Na alta temporada, a cidade fica em polvorosa, turistas de vários lugares, chegam para verem de perto essa beleza, guardando na memória os encantos desse cantinho, que deixa em vários corações o desejo de um dia para lá, retornar.

A Ivy e eu tínhamos seis anos quando nós nos conhecemos, estávamos na pré-escola, sendo ela uma garota ruiva, destacava-se mais ainda entre as crianças, com suas roupas coloridas. Certa vez, aproveitando uma ocasião em que ela não parava quieta em sua cadeira, tentei uma aproximação e à alertei:

_. Sente-se, a professora vai brigar com você.

 Ivy colocou em seu rosto um semblante firme e me respondeu:

-Você não é, a minha dona.

Depois desse dia não ousei tentar outra aproximação, porém no ano seguinte, percebi que a Ivy passou a me seguir durante o recreio, na sala de aula sentou-se atrás de mim, não demorou muito, nos tornamos amigas.
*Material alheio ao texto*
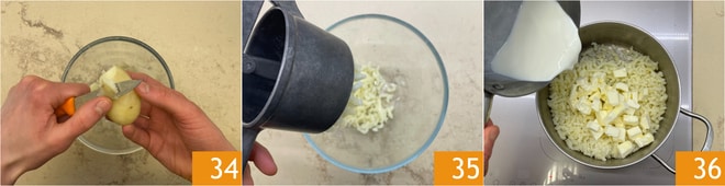 Depois de verificar o cozimento com um garfo, escorra as batatas e deixe esfriar por alguns minutos, depois retire a casca 34. Amasse as batatas 35 e transfira para uma panela, depois adicione a manteiga e o leite quente 36.
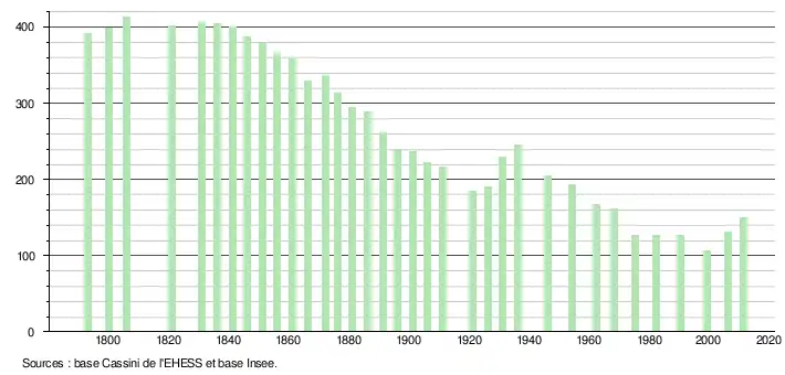- Dans le tableau des recensements et le graphique, par convention dans Wikipédia, le principe a été retenu, pour les populations légales postérieures à 1999 de n’afficher dans le tableau des recensements et le graphique que les populations correspondant à l'année 2006, première population légale publiée calculée conformément aux concepts définis dans le décret no 2003-485 du 5 juin 2003, et les années correspondant à une enquête exhaustive de recensement pour les communes de moins de 10 000 habitants, ainsi que la dernière population légale publiée par l’Insee.

Todos os dias depois das aulas, corríamos para a minha casa, que ficava bem próxima à escola e brincávamos até o entardecer.

De repente a maioria não percebe, porém, a infância permite analisar cada situação sem temer o prazo que o tempo dispõe, e que o olhar da criança pode ser detalhista porque geralmente não estão sendo observadas.

Os adultos olham bem mais para outros adultos, dando espaço para os pequeninos visualizarem com precisão os acontecimentos em sua volta, pode ser que criança não mente, mas imaginam com uma frequência maior, dão mais peso aos seus temores e esperam dos outros com mais entusiasmo.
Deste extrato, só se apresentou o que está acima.